# late season hunting



## Brett Weldon (Nov 20, 2003)

i am just intrested on how the late season hunting is going ?wish I had time to make a trip up to hunt.


----------



## racer66 (Oct 6, 2003)

Birds are out there but, there is alot of snow here in NW nodak making walking very difficult at times.


----------



## Brett Weldon (Nov 20, 2003)

how much is alot of snow? Is there any cover for the pheasants to make the winter in ?Do you forsee a bad winter kill?hope not !!!!!


----------



## stevepike (Sep 14, 2002)

South Central has almost NO snow now. Has melted and refroze so it gives that LOUD crunching sound when walked on. I am afraid we will get some deep stuff in Feb/March. Hopefully not too much for the pheasants but you never know.

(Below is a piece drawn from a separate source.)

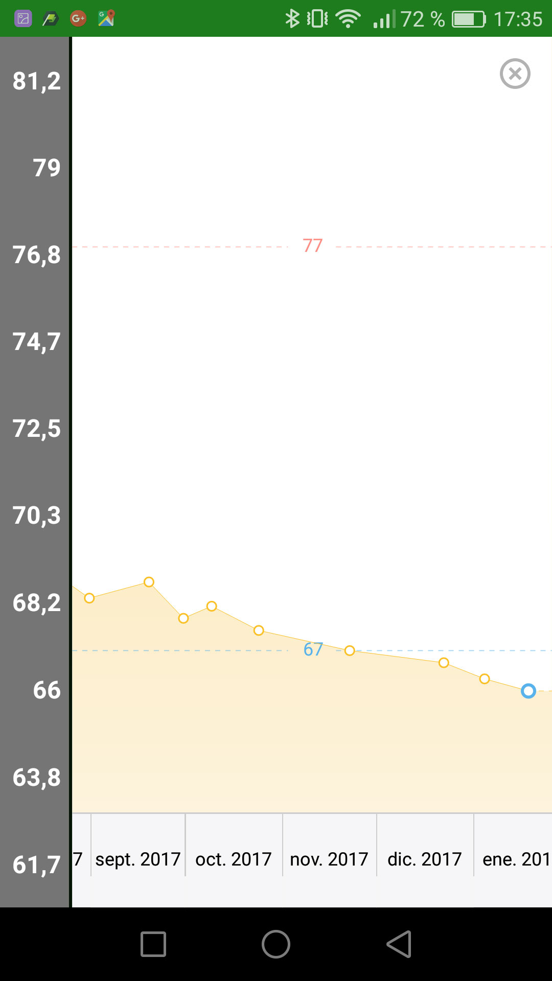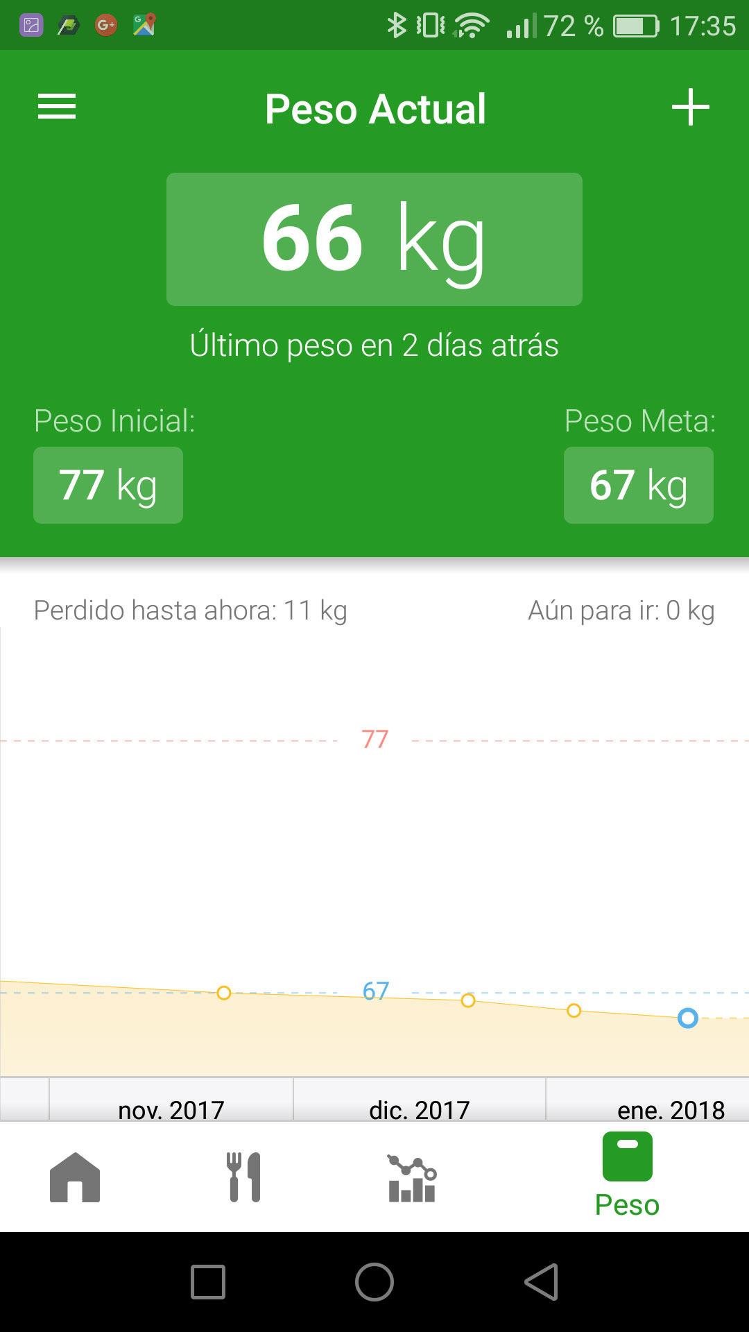 • Peso: Aquí definiremos nuestro peso y el objetivo planteado, mediante una gráfica podemos ver a que nivel perdemos, o ganamos peso.

Oh, BTW. I am talking South Central ND, not South Central LA. There I am sure there is no snow as it has all been made into crack.


----------



## mhprecht (Oct 13, 2003)

FYI:

Snow Cover Info posted at this link:

http://www.intellicast.com/Local/USNati ... e&pid=none


----------



## Dick Monson (Aug 12, 2002)

Pretty good dump of new snow here in SE-ND. Calmed down today and the birds are out feeding gangbusters. Went out Sunday, quite calm, roosters held close. My buddy who is a good shot did very well for his last hunt of the season. I however need a claymore on hot air ballon. Too many people are still thinking they can stockpile birds with no hunting and it is a shame as many will go to waste. Barnes County Wildlife Federation will be getting the last of the wheat bales out this week. Hope they aren't neccessary, but you never know.


----------



## MSG Rude (Oct 6, 2003)

I am looking at going out this Sunday afternoon in the SE part of ND. Down by Lidgerwood, Lisbon area. Any information on the PLOTS, CRP, etc? Thank you in advance.


----------



## clenjb (Sep 20, 2003)

Went out today. Warmer weather durring the day lately has melted the top layer of snow in many areas. Made it so crunchy that many birds were flushing way out of range. A lot of birds in thicker cover, but with the crunchy snow and cover at five and six feet high (where many of birds were holding), we went away empty handed. Lots of birds though. Best time of the day (most active birds) was between 1 and 3 pm.


----------



## Dick Monson (Aug 12, 2002)

I agree that afternoon seems to be the best now, probably because the birds have moved to feed and left a lot of fresh sign. It is easy to see their scratchings in the snow around the sloughs. The last weeks I hunted a very large CRP that has perfect habitat but pressure from vacation has moved the birds out - probably in many places. So we tried some small cattail sloughs in bean stubble and had very good results. The best thing here is that one person and dog can cover the whole area. The sloughs are small enough to shoot both directions. Because of the deeper snow the roosters are holding very tight and the flushes are close. Yesterday I parked on an approach that was covered with tracks. Just stepped into the ditch and birds were rising. Got two hits on a rooster that dropped a leg and folded in two hundred yards. And I was standing with an empty gun as two more roosters went right by my head. Something to watch on these sloughs is to place yourself between the slough and the nearest piece of big cover. The escaping birds want to get back to that big cover and will fly right by you to do it instead of just going out across the open field. Positioning.


----------



## Dan Bueide (Jul 1, 2002)

'03 "closing weekend" conditions: -7 degrees, 15 mph wind and six inches on the level (plenty more in the ditches and cover) - it just don't get NO better than that. Probably one of the last action shots with my 11 year old lab, Kody.


----------



## njsimonson (Sep 24, 2002)

Great pic!

It would make a great Dairy Association/Milk commercial...or even better...

got pheasant hunting?

Looks and sounds like a great year was had by all.


----------



## Bobm (Aug 26, 2003)

Title could be " two happy old dogs"


----------



## DJRooster (Nov 4, 2002)

njsimon Cute comment! Very clever!!


----------



## Dick Monson (Aug 12, 2002)

Hey Dan, great picture. Old dogs are a special treasure. Bob, what do mean "two old dogs"? He's not old old, he's a pup yet!


----------



## Bobm (Aug 26, 2003)

Yeah I guess you're right he does look pretty young, but the one the right is the better looking one. I need to get a sling put on my shotgun, there has been a bunch of time I wished it had one.


----------